Data below:
^^^^

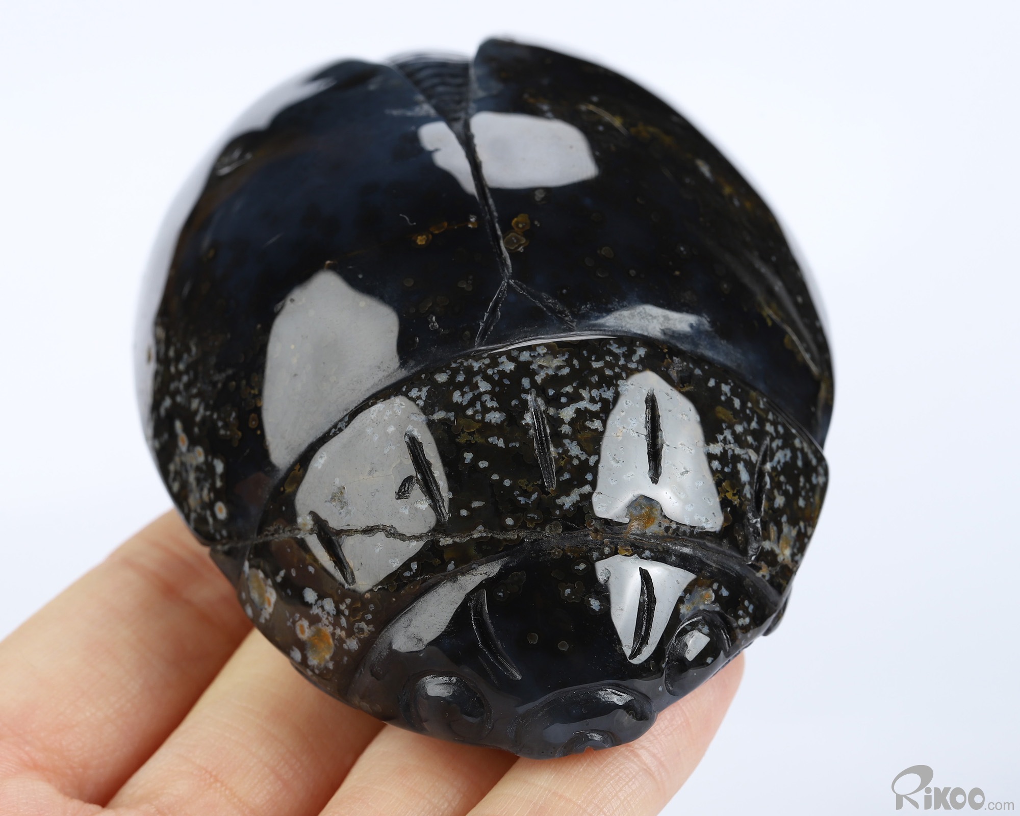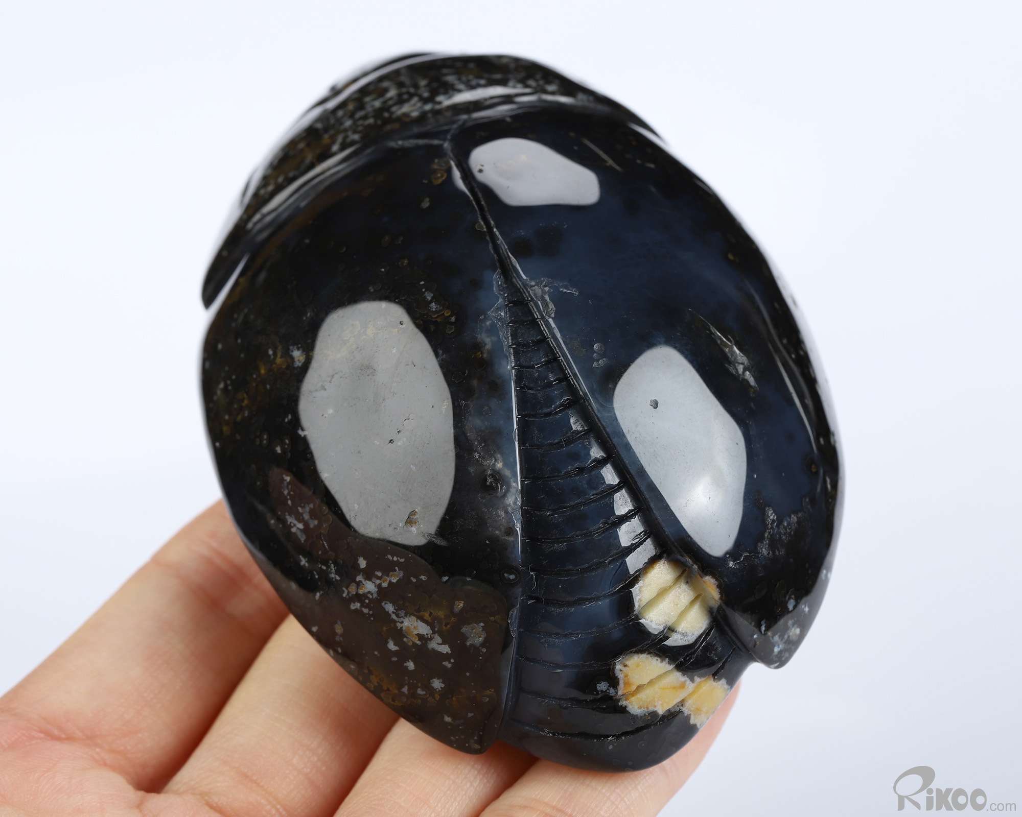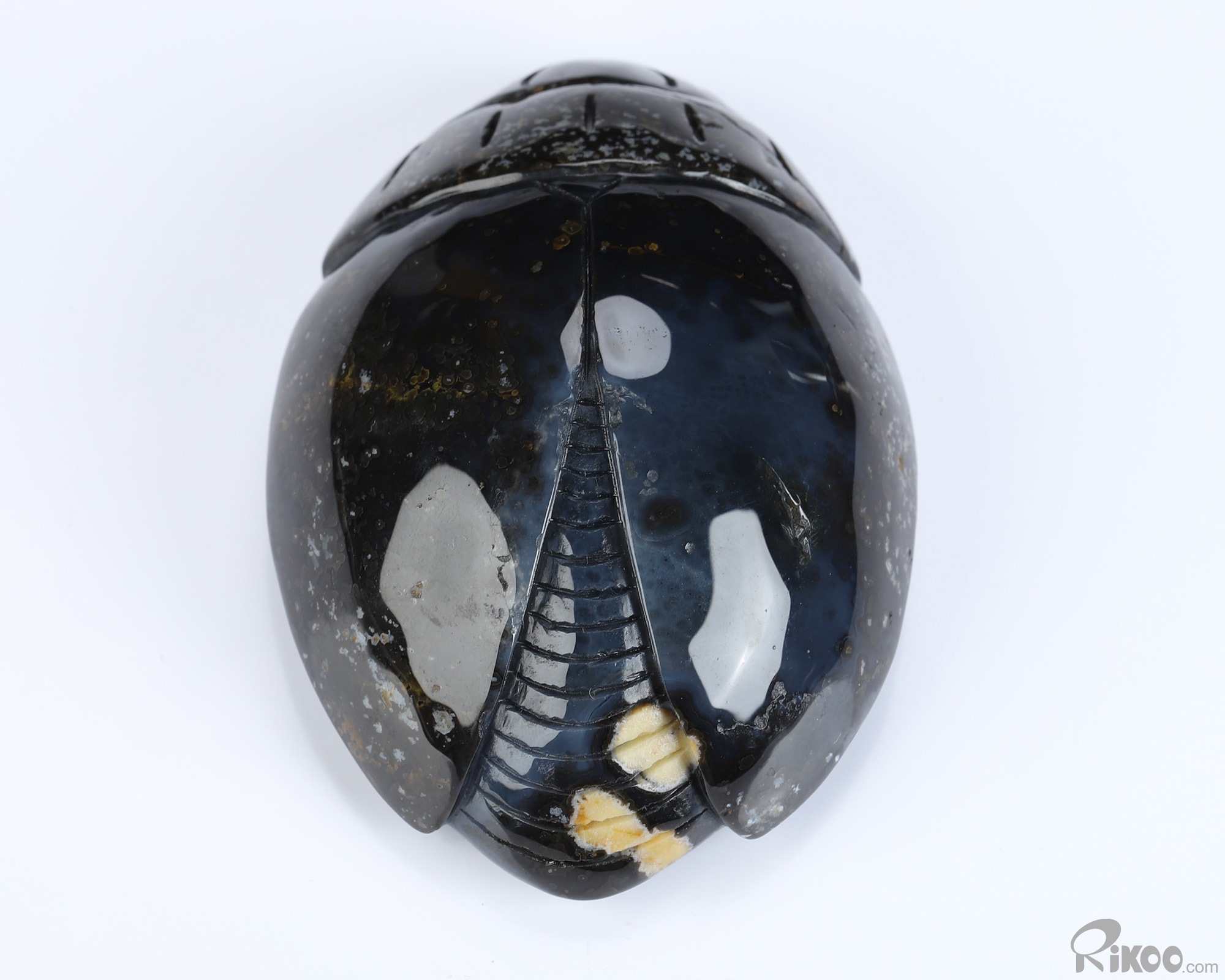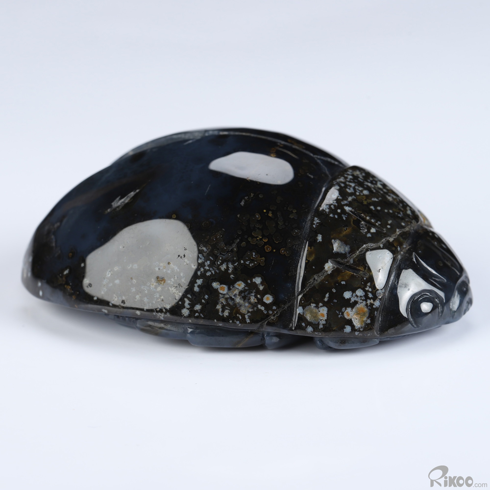 3.6" Agate Geode Hand Carved Crystal Scarab Sculpture, Crystal Healing
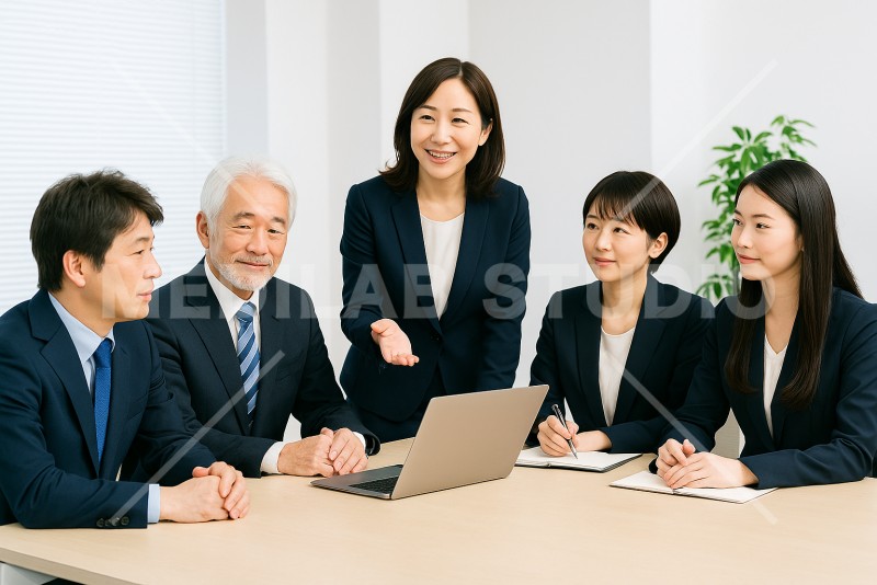 中間管理職の女性社員が小規模部署の会議の中でファシリテーションしています。
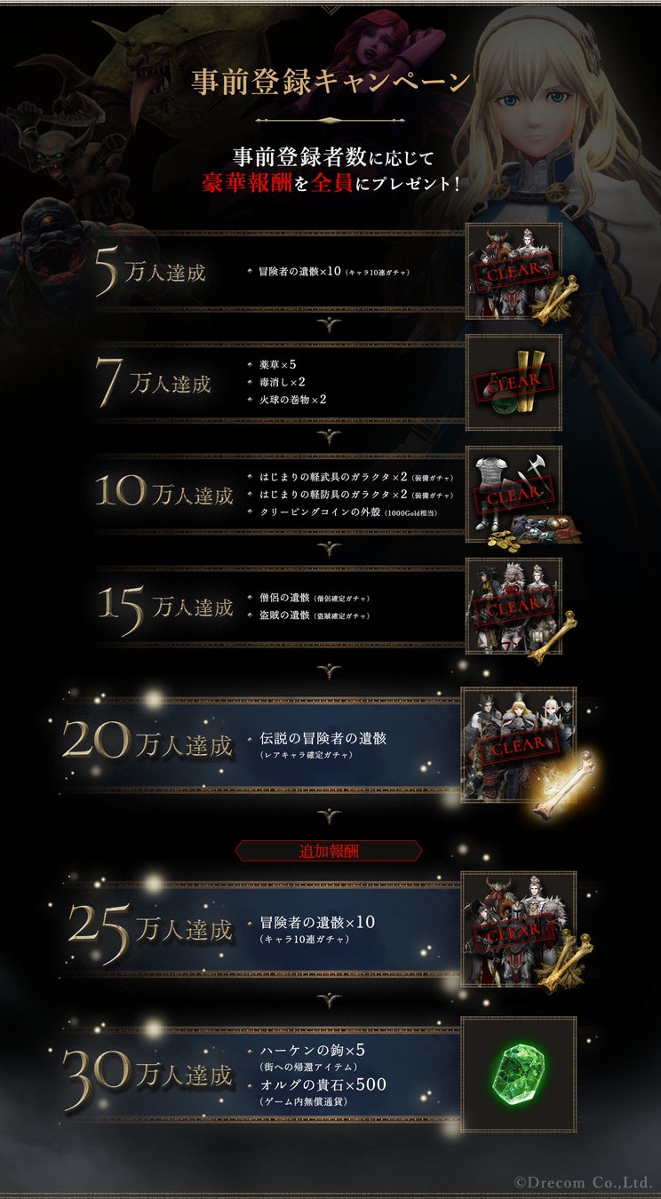 事前登録者数は25万人を突破し、正式リリース後に「冒険者の遺骸×10(キャラ10連ガチャ)」が全員にプレゼントされます。
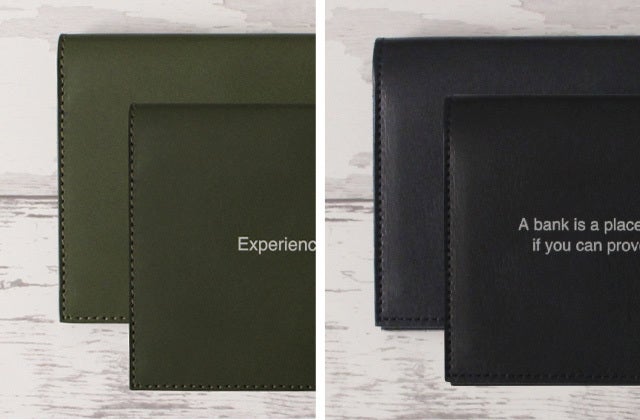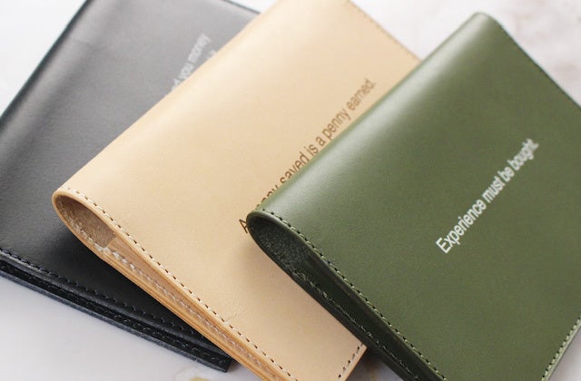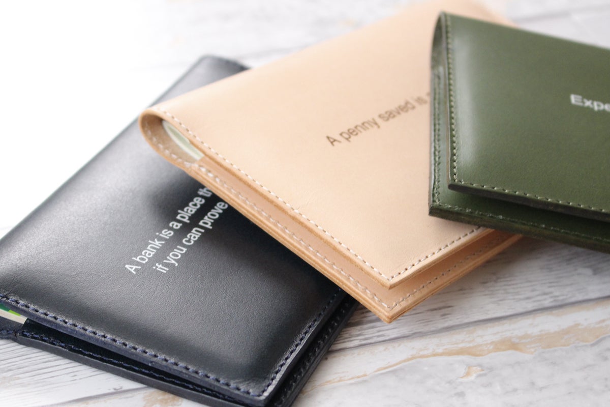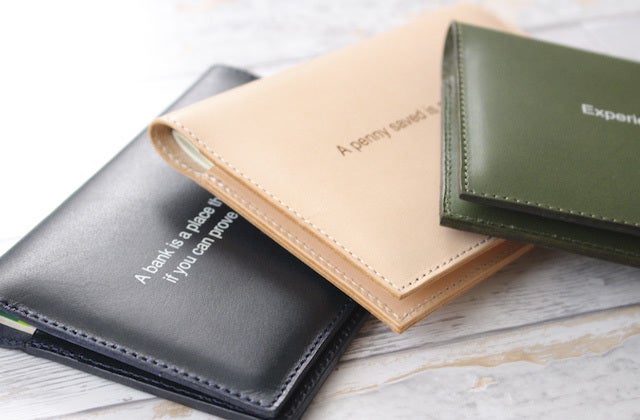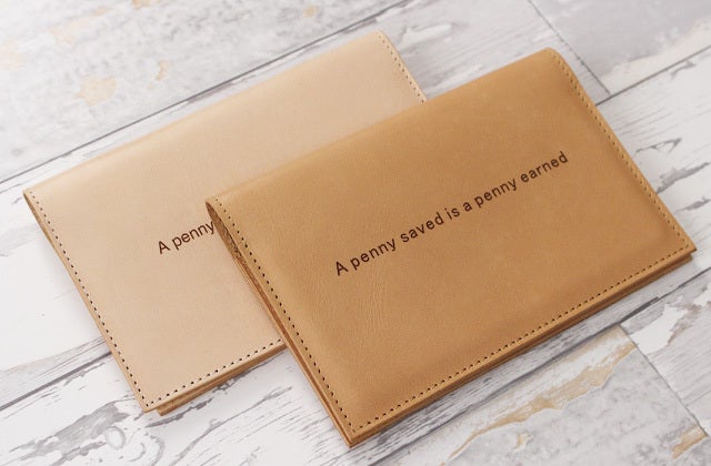 国産のヌメ革に貯金やお金に関するキャッチコピーを刻み

^^^^

Required action:
Reproduce the listing exactly, images omitted.

Response to this task:
 3.6" Agate Geode Hand Carved Crystal Scarab Sculpture, Crystal Healing
 中間管理職の女性社員が小規模部署の会議の中でファシリテーションしています。
 事前登録者数は25万人を突破し、正式リリース後に「冒険者の遺骸×10(キャラ10連ガチャ)」が全員にプレゼントされます。
 国産のヌメ革に貯金やお金に関するキャッチコピーを刻み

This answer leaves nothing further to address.